** Directions **
Only lines holding "with" are needed; copy each of them from the data below.
-------------------------
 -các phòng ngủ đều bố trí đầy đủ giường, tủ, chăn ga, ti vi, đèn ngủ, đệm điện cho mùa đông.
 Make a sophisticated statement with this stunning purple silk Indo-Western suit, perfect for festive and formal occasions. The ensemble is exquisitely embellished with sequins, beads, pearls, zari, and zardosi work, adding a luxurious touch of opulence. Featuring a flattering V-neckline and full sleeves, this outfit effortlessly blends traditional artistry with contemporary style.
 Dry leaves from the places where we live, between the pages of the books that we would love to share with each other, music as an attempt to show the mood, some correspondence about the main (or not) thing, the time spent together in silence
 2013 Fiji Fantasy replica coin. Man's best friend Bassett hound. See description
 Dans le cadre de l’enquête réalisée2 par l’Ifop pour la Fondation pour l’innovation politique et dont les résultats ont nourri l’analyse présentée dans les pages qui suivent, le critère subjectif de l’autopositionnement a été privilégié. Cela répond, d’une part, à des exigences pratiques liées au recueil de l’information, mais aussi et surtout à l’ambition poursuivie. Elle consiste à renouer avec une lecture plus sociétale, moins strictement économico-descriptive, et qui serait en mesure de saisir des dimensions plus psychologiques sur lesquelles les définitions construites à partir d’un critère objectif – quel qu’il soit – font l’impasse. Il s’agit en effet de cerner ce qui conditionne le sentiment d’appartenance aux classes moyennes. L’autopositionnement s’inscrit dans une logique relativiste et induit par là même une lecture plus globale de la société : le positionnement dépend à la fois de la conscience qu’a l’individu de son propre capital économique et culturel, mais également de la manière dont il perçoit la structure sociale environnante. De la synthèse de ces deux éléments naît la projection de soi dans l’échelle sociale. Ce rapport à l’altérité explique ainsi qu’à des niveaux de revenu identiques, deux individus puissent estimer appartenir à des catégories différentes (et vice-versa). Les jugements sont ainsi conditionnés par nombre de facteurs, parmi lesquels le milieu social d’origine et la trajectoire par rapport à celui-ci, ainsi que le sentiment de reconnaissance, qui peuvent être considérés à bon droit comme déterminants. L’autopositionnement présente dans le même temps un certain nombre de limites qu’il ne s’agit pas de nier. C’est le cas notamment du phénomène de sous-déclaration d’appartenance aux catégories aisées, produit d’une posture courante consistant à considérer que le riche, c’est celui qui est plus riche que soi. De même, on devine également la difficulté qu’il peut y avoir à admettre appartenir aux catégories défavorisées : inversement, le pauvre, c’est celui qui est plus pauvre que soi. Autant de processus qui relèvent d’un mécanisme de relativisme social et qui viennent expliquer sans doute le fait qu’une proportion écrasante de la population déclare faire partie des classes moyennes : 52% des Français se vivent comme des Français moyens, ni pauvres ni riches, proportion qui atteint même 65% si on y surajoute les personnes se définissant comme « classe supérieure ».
-------------------------
** Result below **
 Make a sophisticated statement with this stunning purple silk Indo-Western suit, perfect for festive and formal occasions. The ensemble is exquisitely embellished with sequins, beads, pearls, zari, and zardosi work, adding a luxurious touch of opulence. Featuring a flattering V-neckline and full sleeves, this outfit effortlessly blends traditional artistry with contemporary style.
 Dry leaves from the places where we live, between the pages of the books that we would love to share with each other, music as an attempt to show the mood, some correspondence about the main (or not) thing, the time spent together in silence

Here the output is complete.